> [DATASET SECTION]
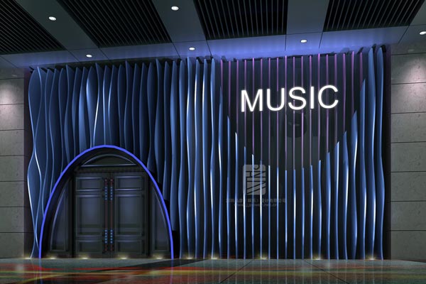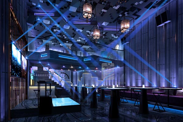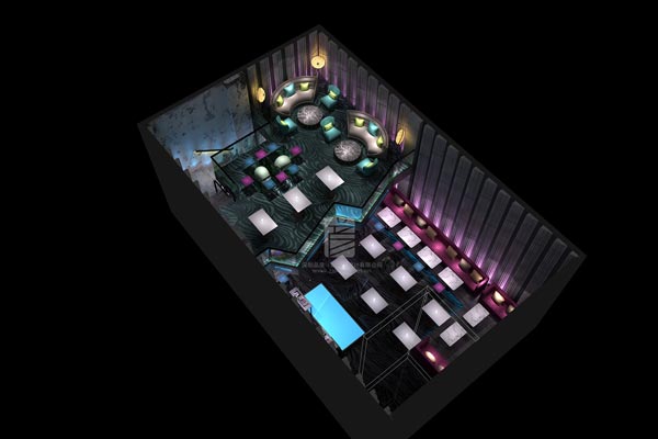 設計師根據本案派對空間的定位,采用幾何圖案的浮雕設計,讓整個墻面更立體,線條的組合也更有層次感,在燈光的映襯下,透露出濃濃的布魯斯風情。進入內部空間,充滿設計感的搖滾氣質撲面而來,設計師用卡座、吧臺的設計進行空間分割,背景墻在滿足酒吧性能的基礎上,采用簡約的線條設計,簡單明了卻也硬朗干練。為滿足音樂酒吧的功能性,設計中突出了舞臺的功能分區,舞臺不大卻功能齊全,能讓整個空間享受搖滾的熱情,配合變幻的燈光、搖擺的射燈,營造出很好的休閑氛圍。燈具的選擇,設計師別出心裁,沒有采用傳統酒吧常用的頻閃燈,而是采用了充滿金屬質感的玻璃罩燈具作為主要設計,配合可以多角度搖擺的射燈,營造氛圍的效果一點不差,反而更突出了舞臺的感染力,震撼的音樂讓每個人的毛孔都張開,盡享搖滾帶來的恣意人生。
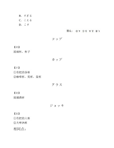 B.すぎる C.こえる D.こす コップ 【名】 玻璃杯,杯子 カップ 【名】 ①有把的茶杯 ②咖啡杯,奖杯,量杯 グラス 【名】 玻璃酒杯 ジョッキ 【名】 ①有把的大杯 ②大啤酒杯 相同点:
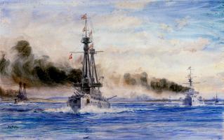 8th December 1914. William Lionel Wyllie (age 63). "Invincible and Inflexible steaming out of Port Stanley in chase".
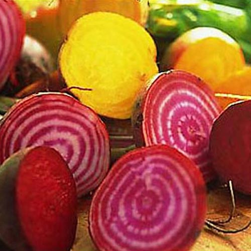 Acest amestec este dovada că sfecla nu se găsește într-o singură culoare, rădăcinile acestor legume pline de sănătate fiind portocalii, albe, galbene sau roz. Sfecla colorată, este utilizată în mod special pentru decorul preparatelor culinare, dându-le o notă de prospețime.

> [WORK INSTRUCTIONS]
Restate all of the data word for word and include no pictures.

> [PROBLEM SOLUTION]
 設計師根據本案派對空間的定位,采用幾何圖案的浮雕設計,讓整個墻面更立體,線條的組合也更有層次感,在燈光的映襯下,透露出濃濃的布魯斯風情。進入內部空間,充滿設計感的搖滾氣質撲面而來,設計師用卡座、吧臺的設計進行空間分割,背景墻在滿足酒吧性能的基礎上,采用簡約的線條設計,簡單明了卻也硬朗干練。為滿足音樂酒吧的功能性,設計中突出了舞臺的功能分區,舞臺不大卻功能齊全,能讓整個空間享受搖滾的熱情,配合變幻的燈光、搖擺的射燈,營造出很好的休閑氛圍。燈具的選擇,設計師別出心裁,沒有采用傳統酒吧常用的頻閃燈,而是采用了充滿金屬質感的玻璃罩燈具作為主要設計,配合可以多角度搖擺的射燈,營造氛圍的效果一點不差,反而更突出了舞臺的感染力,震撼的音樂讓每個人的毛孔都張開,盡享搖滾帶來的恣意人生。
 B.すぎる C.こえる D.こす コップ 【名】 玻璃杯,杯子 カップ 【名】 ①有把的茶杯 ②咖啡杯,奖杯,量杯 グラス 【名】 玻璃酒杯 ジョッキ 【名】 ①有把的大杯 ②大啤酒杯 相同点:
 8th December 1914. William Lionel Wyllie (age 63). "Invincible and Inflexible steaming out of Port Stanley in chase".
 Acest amestec este dovada că sfecla nu se găsește într-o singură culoare, rădăcinile acestor legume pline de sănătate fiind portocalii, albe, galbene sau roz. Sfecla colorată, este utilizată în mod special pentru decorul preparatelor culinare, dându-le o notă de prospețime.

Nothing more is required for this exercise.